*WHAT YOU HAVE TO DO*
The records below are to be set down word for word, with every picture left out.

Stored records:
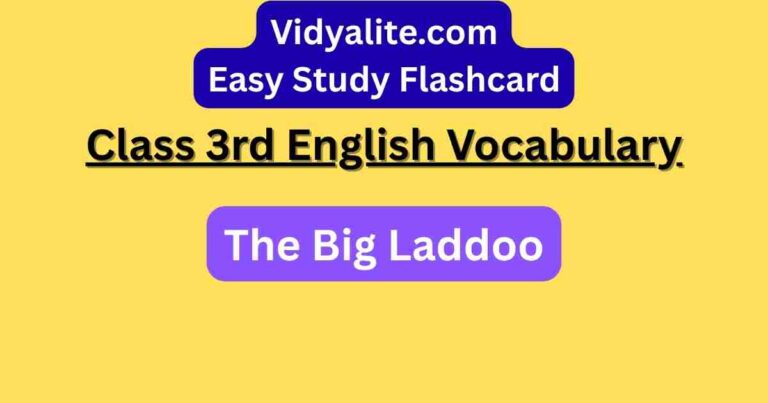 Study Chapter 7 The Big Laddoo dictionary flash card Must try Monthly Vocabulary Contest Chapter 7 of NCERT Class 3 English is called “The Big Laddoo.” It is a fun and sweet story with many useful words for kids to learn. To help children understand these words better, we have created special dictionary flash cards. … Continue reading NCERT Class 3rd English Vocabulary: Chapter 7 The Big Laddoo dictionary flash card
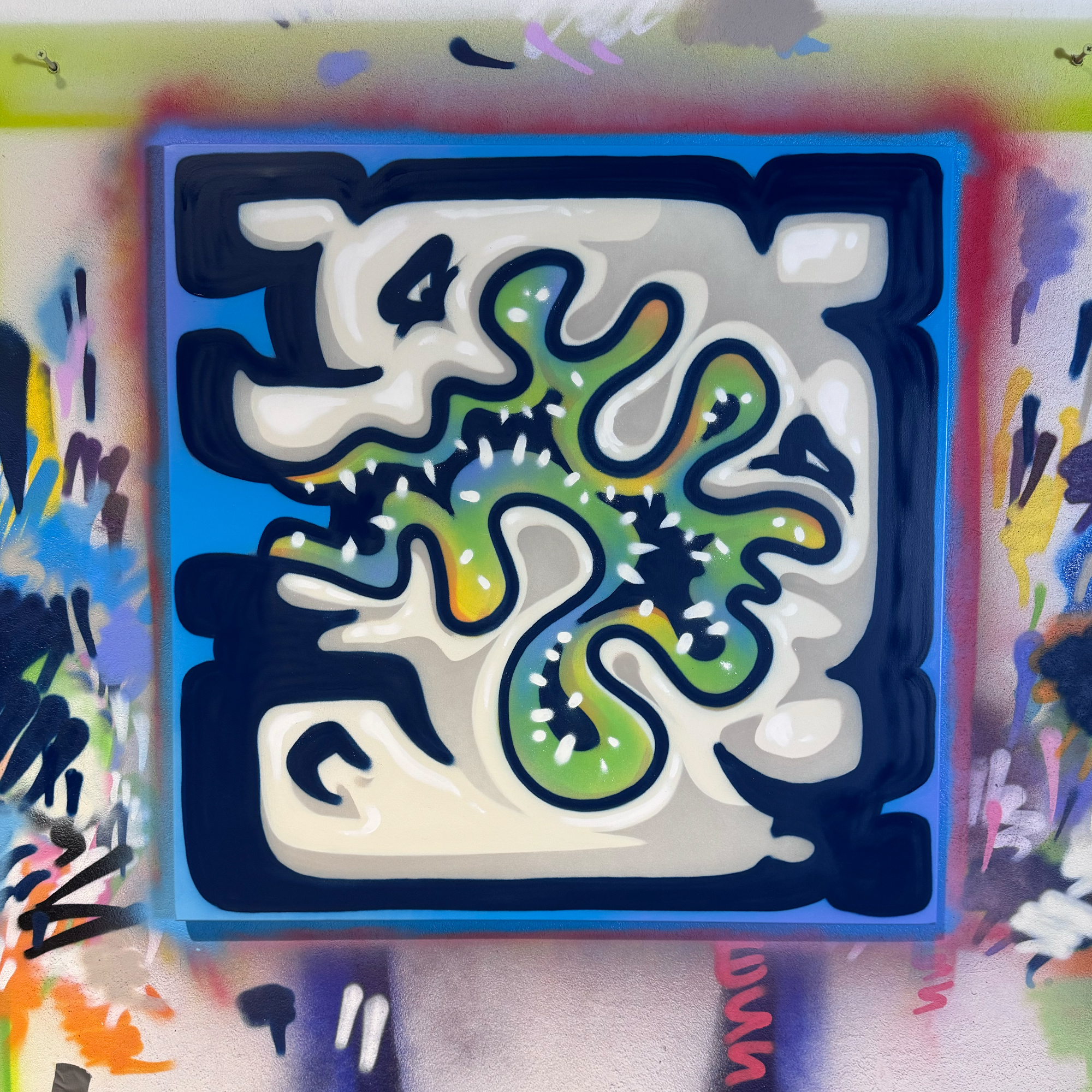 Artwork is part of the KIWIE paintings collection "DISTURBED" which reflects the constant pressure of the corporate system, compressing the artist into spaces too small to breathe.
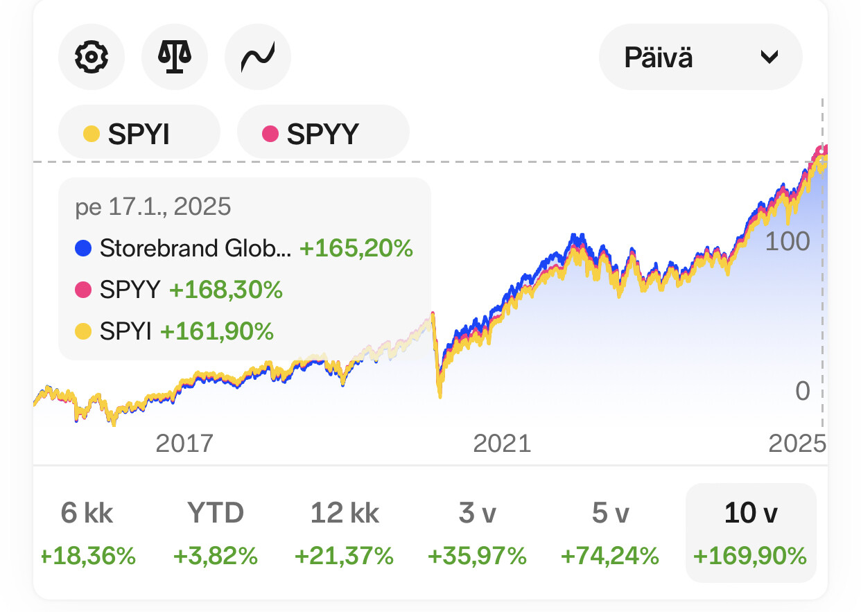 Antar att de följer olika index, men är det någon som lite snabbt vet vad det är som gör att denna etf underpresterar storebrand all countries (orange) senaste 3 åren? Trodde den högre avgiften för storebrand skulle väga tyngre än skillnader i index.
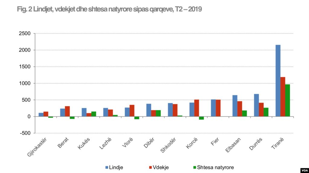 Qarku i Gjirokastrës vijoi të regjistrojë numrin më të ulët të lindjeve me një rënie 10% krahasuar me një vit më parë ndërsa nëntë nga 12 qarqet e Shqipërisë regjistruan rënie të lindjeve në tremujorin e dytë 2019.
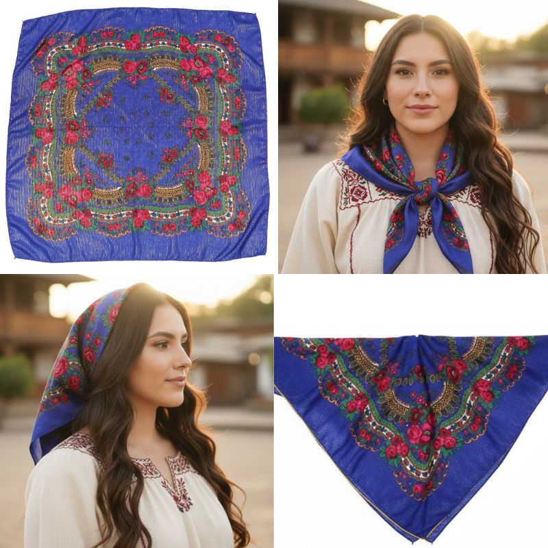 Floral Scarf Color: Blue Size: 31″ x 31″ (80*80 cm) Material: 100% Polyester Design: Floral Quantity: 10/Pack Sold By Pack!
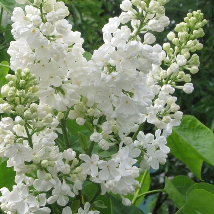 Бутоны зеленовато-кремовые, цветки белые, крупные, простые. Диаметр цветка до 2 см. Аромат слабый. Соцветия пышные, до 28 см.
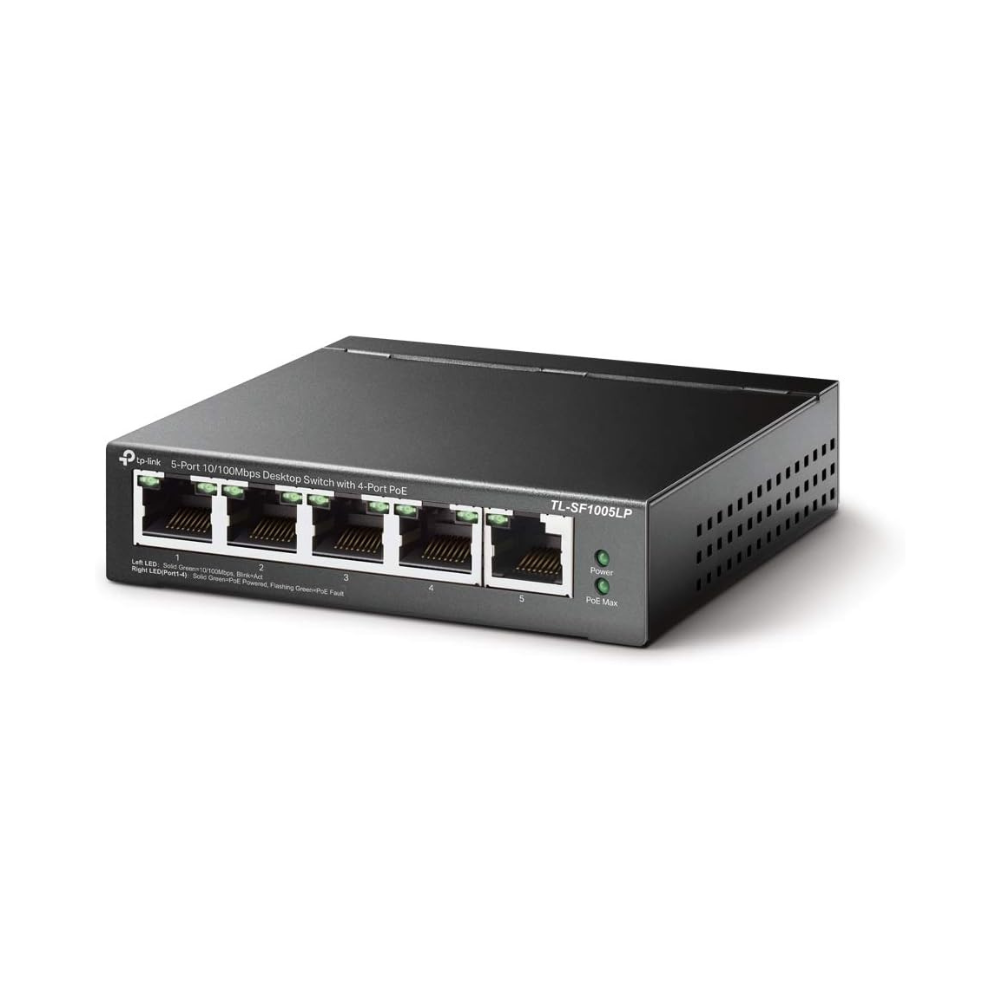 The TP-Link TL-SF1005LP is a compact 5-port 10/100Mbps desktop switch for small offices and home networks. Features 4 PoE ports delivering both power and data over single Ethernet cables, simplifying installation for IP cameras, access points, and VoIP phones.
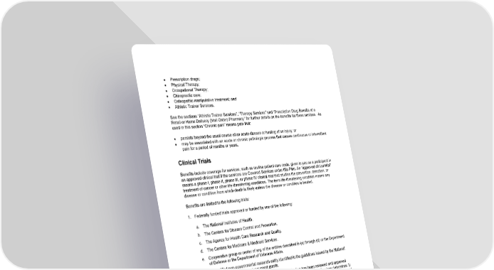 46 • Prescription drugs; • Physical Therapy; • Occupational Therapy; • Chiropractic care; • Osteopathic manipulative treatment; and • Athletic Trainer Services. See the sections “Athletic Trainer Services”, “Therapy Services” and “Prescription Drug Benefits at a Retail or Home Delivery (Mail Order) Pharmacy” for further details on the benefits for these services. As used in this section “Chronic pain" means pain that: • persists beyond the usual course of an acute disease or healing of an injury; or • may be associated with an acute or chronic pathologic process that causes continuous or intermittent pain for a period of months or years. Clinical Trials Benefits include coverage for services, such as routine patient care costs, given to you as a participant in an approved clinical trial if the services are Covered Services under this Plan. An “approved clinical trial” means a phase I, phase II, phase III, or phase IV clinical trial that studies the prevention, detection, or treatment of cancer or other life-threatening conditions. The term life-threatening condition means any disease or condition from which death is likely unless the disease or condition is treated. Benefits are limited to the following trials: 1. Federally funded trials approved or funded by one of the following: a. The National Institutes of Health. b. The Centers for Disease Control and Prevention. c. The Agency for Health Care Research and Quality. d. The Centers for Medicare & Medicaid Services. e. Cooperative group or center of any of the entities described in (a) through (d) or the Department of Defense or the Department of Veterans Affairs. f. A qualified non-governmental research entity identified in the guidelines issued by the National Institutes of Health for center support grants. g. Any of the following in i-iii below if the study or investigation has been reviewed and approved through a system of peer review that the Secretary of Health and Human Services determines 1) to be comparable to the system of peer review of studies and investigations used by the National Institutes of Health, and 2) assures unbiased review of the highest scientific standards by qualified individuals who have no interest in the outcome of the review. i. The Department of Veterans Affairs. ii. The Department of Defense. iii. The Department of Energy. 2. Studies or investigations done as part of an investigational new drug application reviewed by the Food and Drug Administration; 3. Studies or investigations done for drug trials, which are exempt from the investigational new drug application.
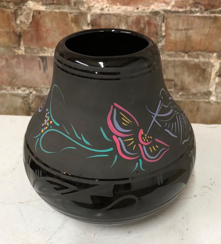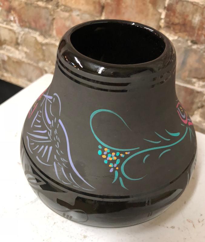 Black on black on this Southwestern Cedar Mesa Pottery jar...Nice condition...
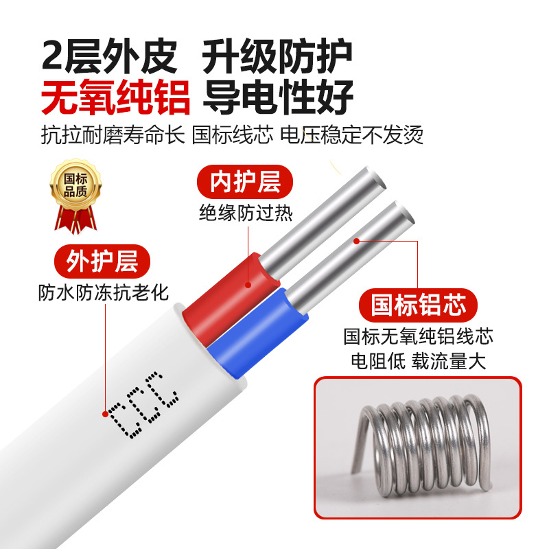 国標2芯保護カバー線アルミ芯家庭用屋外電線46101625平方線二芯アルミケーブル
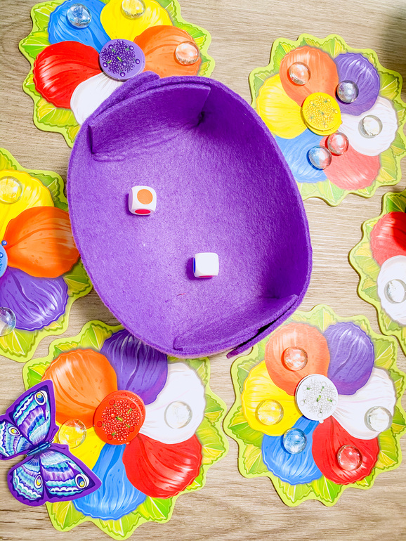 Этот момент немного затянул игру, потому что дождика стало много, и мало того, что ты не мог получить оставшуюся пыльцу, так ещё и приходилось отдавать и снова пытаться получить нужный цвет. Мы с младшей шли наравне, потом она меня обыграла на одну фишку, потом я снова ее догнала. Очень долго мы с ней были с пятью цветами, потом с четырьмя, потом снова накопили пять.
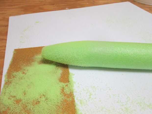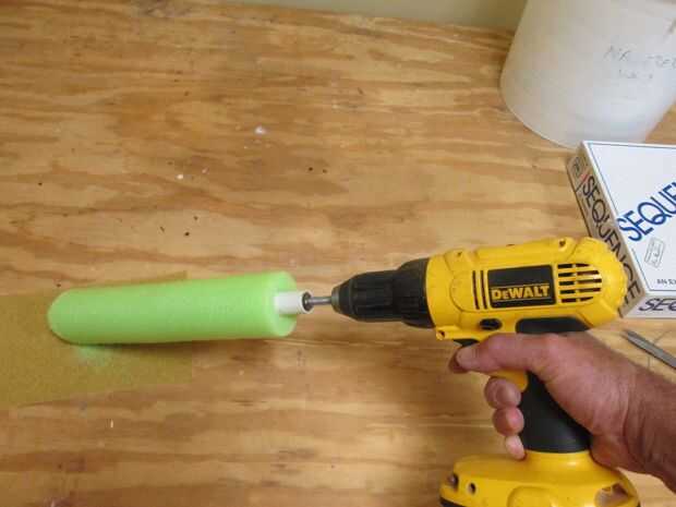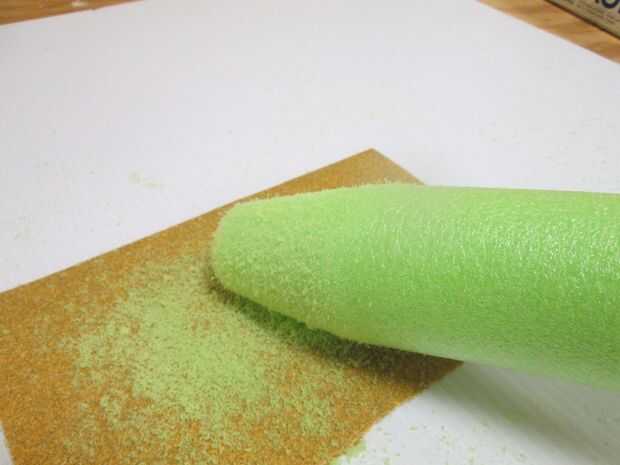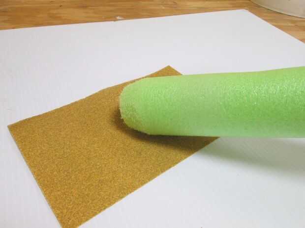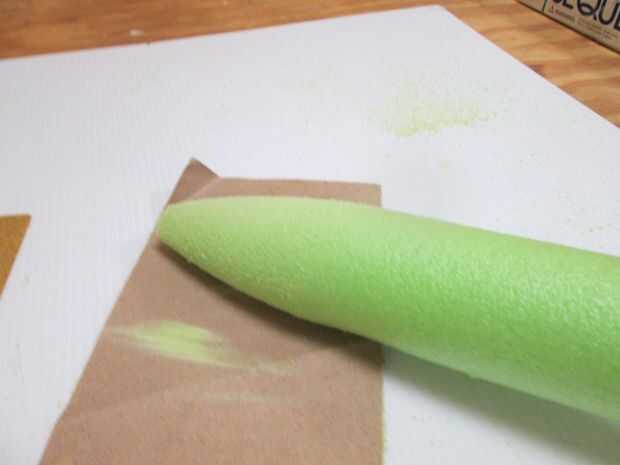 Empiezo con un pedazo de papel de lija de grano 80. Los tallarines de la espuma de la vuelta y comenzar a trabajar en el papel de lija.
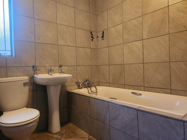 The flatlet, which has its own private entrance, features a modern kitchen with an electric hob and oven, as well as space for a washing machine. The open-plan lounge is bright and airy, connecting easily to the kitchen. The bedroom is spacious, and the bathroom includes a shower, basin, and toilet. There is also a carport that can accomodate two small cars infront of the flat.
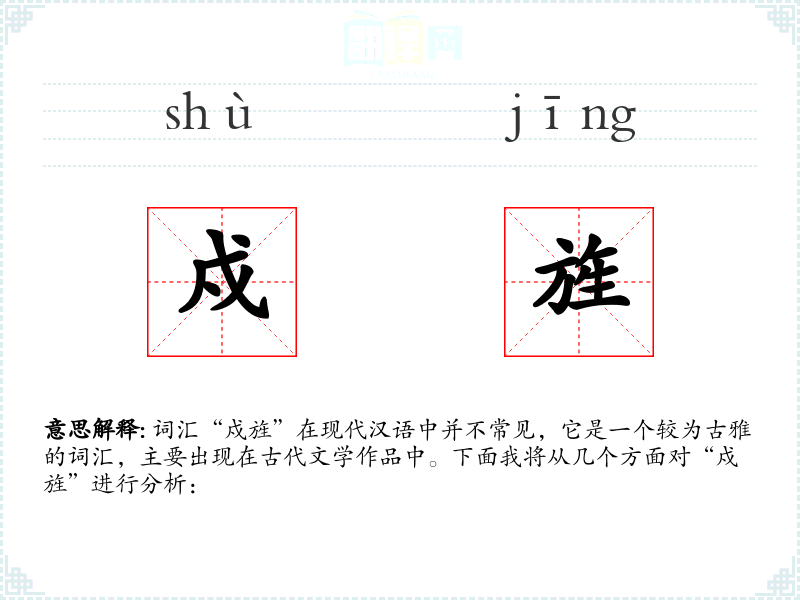 词汇“戍旌”在现代汉语中并不常见,它是一个较为古雅的词汇,主要出现在古代文学作品中。下面我将从几个方面对“戍旌”进行分析:
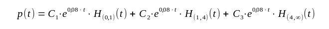 | Auf den Intervallen (0,1) und (1,4) und (4,∞) gilt die Gleichung p'(t) - 0,08 p(t) = 0 im Sinne der Funktionen. Diese Gleichung wird von einer e-Funktion erfüllt. Die Lösungsfunktion also |

*TASK RESULT*
 Study Chapter 7 The Big Laddoo dictionary flash card Must try Monthly Vocabulary Contest Chapter 7 of NCERT Class 3 English is called “The Big Laddoo.” It is a fun and sweet story with many useful words for kids to learn. To help children understand these words better, we have created special dictionary flash cards. … Continue reading NCERT Class 3rd English Vocabulary: Chapter 7 The Big Laddoo dictionary flash card
 Artwork is part of the KIWIE paintings collection "DISTURBED" which reflects the constant pressure of the corporate system, compressing the artist into spaces too small to breathe.
 Antar att de följer olika index, men är det någon som lite snabbt vet vad det är som gör att denna etf underpresterar storebrand all countries (orange) senaste 3 åren? Trodde den högre avgiften för storebrand skulle väga tyngre än skillnader i index.
 Qarku i Gjirokastrës vijoi të regjistrojë numrin më të ulët të lindjeve me një rënie 10% krahasuar me një vit më parë ndërsa nëntë nga 12 qarqet e Shqipërisë regjistruan rënie të lindjeve në tremujorin e dytë 2019.
 Floral Scarf Color: Blue Size: 31″ x 31″ (80*80 cm) Material: 100% Polyester Design: Floral Quantity: 10/Pack Sold By Pack!
 Бутоны зеленовато-кремовые, цветки белые, крупные, простые. Диаметр цветка до 2 см. Аромат слабый. Соцветия пышные, до 28 см.
 The TP-Link TL-SF1005LP is a compact 5-port 10/100Mbps desktop switch for small offices and home networks. Features 4 PoE ports delivering both power and data over single Ethernet cables, simplifying installation for IP cameras, access points, and VoIP phones.
 46 • Prescription drugs; • Physical Therapy; • Occupational Therapy; • Chiropractic care; • Osteopathic manipulative treatment; and • Athletic Trainer Services. See the sections “Athletic Trainer Services”, “Therapy Services” and “Prescription Drug Benefits at a Retail or Home Delivery (Mail Order) Pharmacy” for further details on the benefits for these services. As used in this section “Chronic pain" means pain that: • persists beyond the usual course of an acute disease or healing of an injury; or • may be associated with an acute or chronic pathologic process that causes continuous or intermittent pain for a period of months or years. Clinical Trials Benefits include coverage for services, such as routine patient care costs, given to you as a participant in an approved clinical trial if the services are Covered Services under this Plan. An “approved clinical trial” means a phase I, phase II, phase III, or phase IV clinical trial that studies the prevention, detection, or treatment of cancer or other life-threatening conditions. The term life-threatening condition means any disease or condition from which death is likely unless the disease or condition is treated. Benefits are limited to the following trials: 1. Federally funded trials approved or funded by one of the following: a. The National Institutes of Health. b. The Centers for Disease Control and Prevention. c. The Agency for Health Care Research and Quality. d. The Centers for Medicare & Medicaid Services. e. Cooperative group or center of any of the entities described in (a) through (d) or the Department of Defense or the Department of Veterans Affairs. f. A qualified non-governmental research entity identified in the guidelines issued by the National Institutes of Health for center support grants. g. Any of the following in i-iii below if the study or investigation has been reviewed and approved through a system of peer review that the Secretary of Health and Human Services determines 1) to be comparable to the system of peer review of studies and investigations used by the National Institutes of Health, and 2) assures unbiased review of the highest scientific standards by qualified individuals who have no interest in the outcome of the review. i. The Department of Veterans Affairs. ii. The Department of Defense. iii. The Department of Energy. 2. Studies or investigations done as part of an investigational new drug application reviewed by the Food and Drug Administration; 3. Studies or investigations done for drug trials, which are exempt from the investigational new drug application.
 Black on black on this Southwestern Cedar Mesa Pottery jar...Nice condition...
 国標2芯保護カバー線アルミ芯家庭用屋外電線46101625平方線二芯アルミケーブル
 Этот момент немного затянул игру, потому что дождика стало много, и мало того, что ты не мог получить оставшуюся пыльцу, так ещё и приходилось отдавать и снова пытаться получить нужный цвет. Мы с младшей шли наравне, потом она меня обыграла на одну фишку, потом я снова ее догнала. Очень долго мы с ней были с пятью цветами, потом с четырьмя, потом снова накопили пять.
 Empiezo con un pedazo de papel de lija de grano 80. Los tallarines de la espuma de la vuelta y comenzar a trabajar en el papel de lija.
 The flatlet, which has its own private entrance, features a modern kitchen with an electric hob and oven, as well as space for a washing machine. The open-plan lounge is bright and airy, connecting easily to the kitchen. The bedroom is spacious, and the bathroom includes a shower, basin, and toilet. There is also a carport that can accomodate two small cars infront of the flat.
 词汇“戍旌”在现代汉语中并不常见,它是一个较为古雅的词汇,主要出现在古代文学作品中。下面我将从几个方面对“戍旌”进行分析:
 | Auf den Intervallen (0,1) und (1,4) und (4,∞) gilt die Gleichung p'(t) - 0,08 p(t) = 0 im Sinne der Funktionen. Diese Gleichung wird von einer e-Funktion erfüllt. Die Lösungsfunktion also |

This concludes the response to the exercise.